In fact, taglines are pretty much useless unless, when applied internally, they rally the troupes. When I heard this yesterday at a talk by Daryl Travis of Brandtrust, I admit, I was taken aback. All those hours I’ve spent in my life fine tuning the perfect tagline…It just isn’t important.
Travis’ talk was about emotional branding (also the name of his book). His concept is based on recent brain research, and it’s fascinating beyond belief. I will try to do it justice with the briefest of summaries: Brands exist in the human mind. The mind contains countless memories which affect future behavior. When your brand promise comes into alignment with your customer’s mental model, then your customer will receive your brand message. You cannot alter the existing model, so you must make your message compatible with the model that’s already there, in your customer’s head.

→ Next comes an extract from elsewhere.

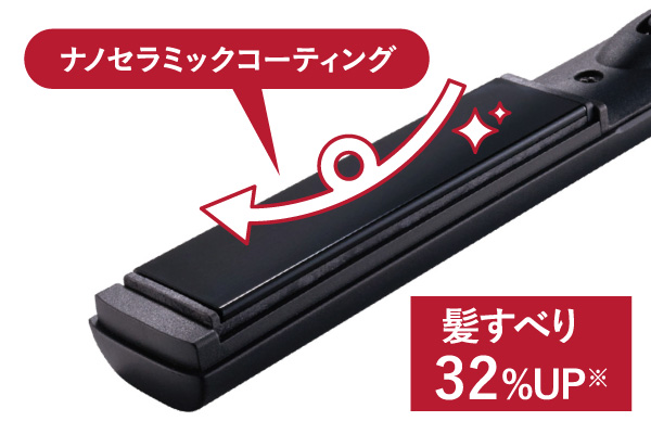 すべりやすさ32%UP!粒子が細かい「ナノセラミック」を配合したコーティングで、摩擦ダメージに配慮した、ひっかかりのないスムーズな髪すべりを実現します。

The question we, as marketers, must ask is: How does our brand make the customer feel? This is critical, because brands are not about facts, they’re about feelings. We may think Wal-Mart is about price, but in fact, it’s successful because people feel Wal-Mart is the champion of the common man.
One more thing my mother always said: Tell the truth. If your brand promise doesn’t ring true–that is, if it doesn’t come into alignment with existing mental models–then you’re toast.
Just thought I’d share.

June 11th, 2006 at 9:54 pm
Merry,
As a soon-to-be contributor to this blog, I was pleased to see your post. In fact, last night I wrote an entry along the same lines. In the entry I discuss “branding” vs. “impressionism.”
I look forward to reading more of your entries.
June 12th, 2006 at 5:18 am
Welcome to the Commons, Lorenzo. I look forward to your post.